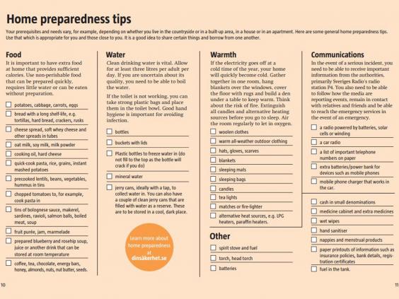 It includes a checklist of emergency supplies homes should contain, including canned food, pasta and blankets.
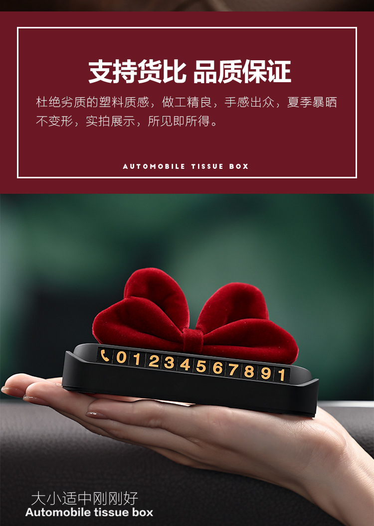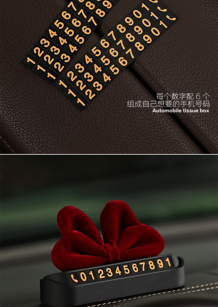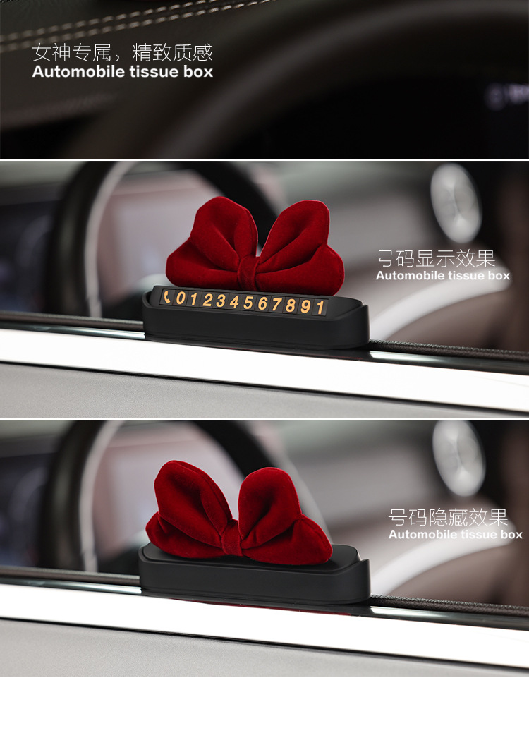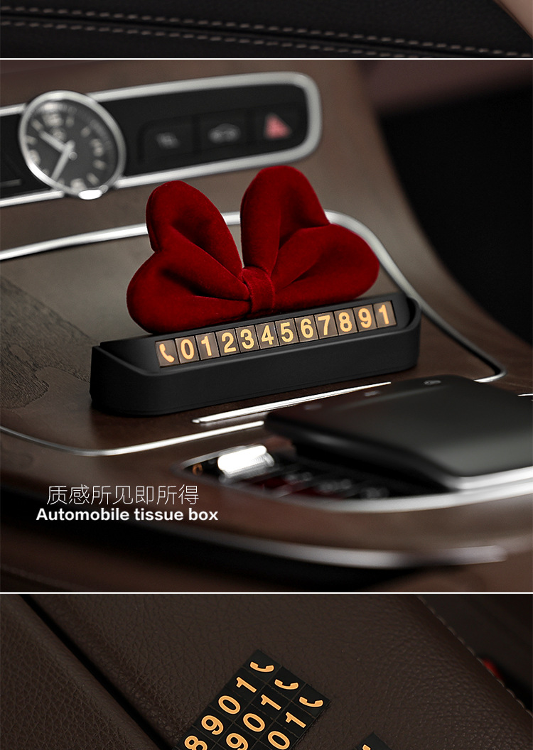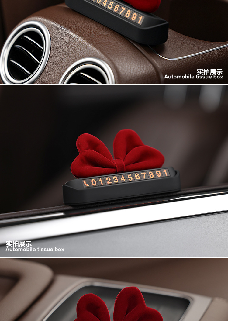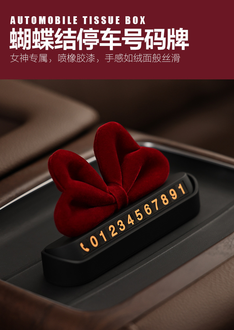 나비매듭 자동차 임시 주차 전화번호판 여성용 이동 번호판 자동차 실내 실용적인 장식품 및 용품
---
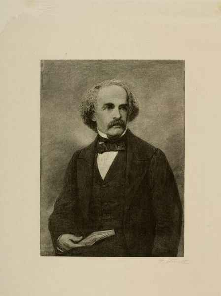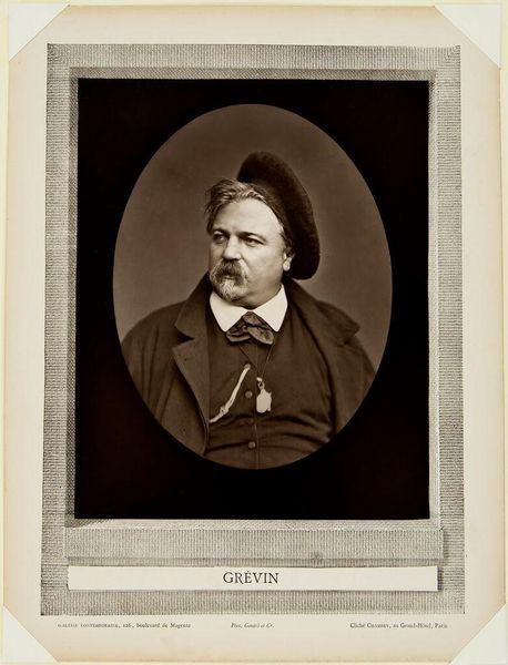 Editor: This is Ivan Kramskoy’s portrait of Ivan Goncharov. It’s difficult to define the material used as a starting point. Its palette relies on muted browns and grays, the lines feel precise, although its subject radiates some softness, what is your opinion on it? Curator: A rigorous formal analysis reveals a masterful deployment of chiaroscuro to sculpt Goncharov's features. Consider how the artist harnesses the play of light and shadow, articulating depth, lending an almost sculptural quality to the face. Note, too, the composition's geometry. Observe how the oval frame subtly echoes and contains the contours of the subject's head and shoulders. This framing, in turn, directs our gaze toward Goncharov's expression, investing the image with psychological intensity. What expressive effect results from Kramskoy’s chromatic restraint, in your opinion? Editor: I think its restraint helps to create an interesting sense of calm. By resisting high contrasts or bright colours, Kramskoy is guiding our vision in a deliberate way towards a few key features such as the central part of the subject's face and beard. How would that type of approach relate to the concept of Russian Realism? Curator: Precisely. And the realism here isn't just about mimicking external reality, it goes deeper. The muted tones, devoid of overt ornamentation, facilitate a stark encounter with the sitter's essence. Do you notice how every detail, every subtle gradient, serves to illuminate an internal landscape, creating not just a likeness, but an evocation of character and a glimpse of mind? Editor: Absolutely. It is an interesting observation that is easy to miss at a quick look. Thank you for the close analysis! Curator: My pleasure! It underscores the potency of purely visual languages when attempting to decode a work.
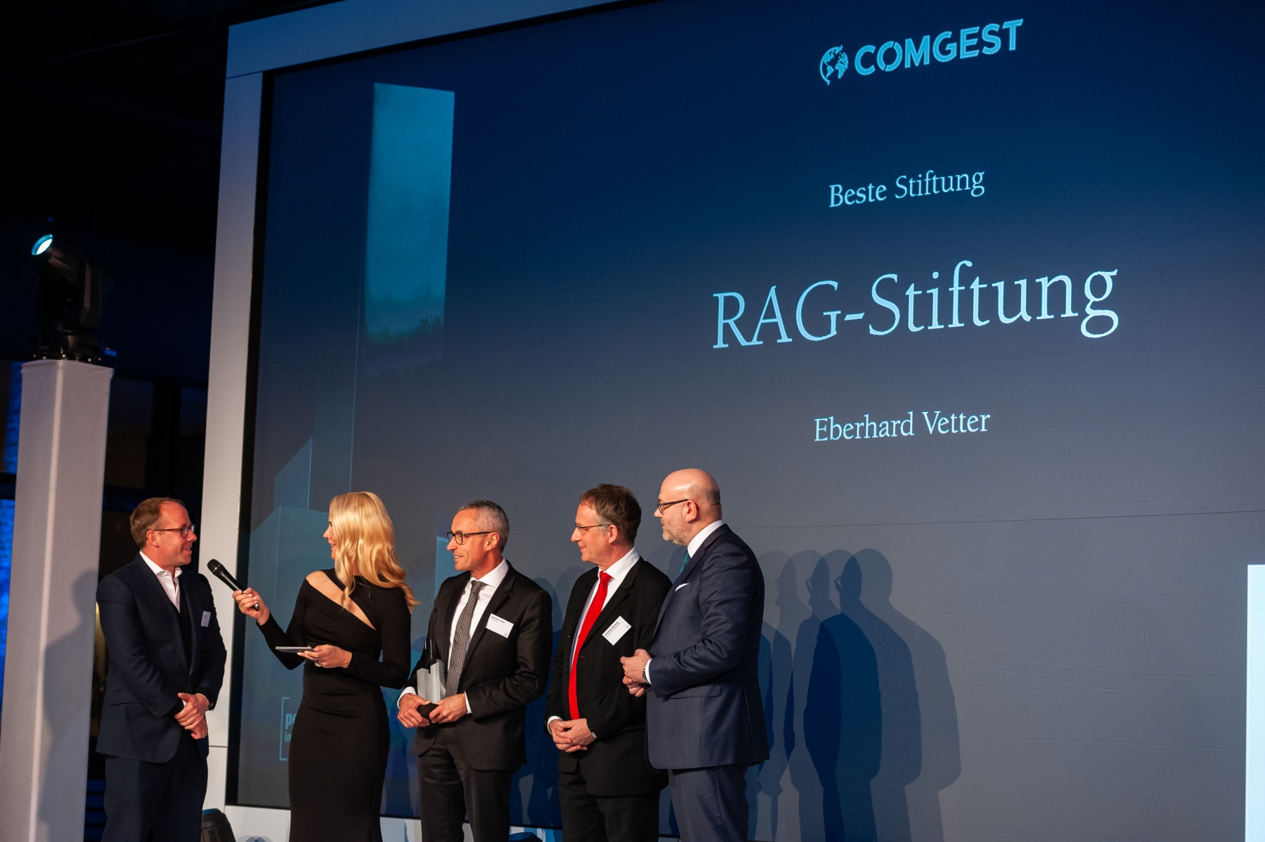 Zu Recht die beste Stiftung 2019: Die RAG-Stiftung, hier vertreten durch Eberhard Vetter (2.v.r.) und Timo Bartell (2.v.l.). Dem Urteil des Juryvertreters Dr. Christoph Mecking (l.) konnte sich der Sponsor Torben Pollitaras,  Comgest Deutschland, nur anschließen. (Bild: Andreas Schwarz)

* Work instructions
Copy word for word the span of the records above that begins at the line with "It includes a" and ends at the line with "나비매듭 자동차 임시", including those two lines but not the pictures.

* Output of the exercise
 It includes a checklist of emergency supplies homes should contain, including canned food, pasta and blankets.
 나비매듭 자동차 임시 주차 전화번호판 여성용 이동 번호판 자동차 실내 실용적인 장식품 및 용품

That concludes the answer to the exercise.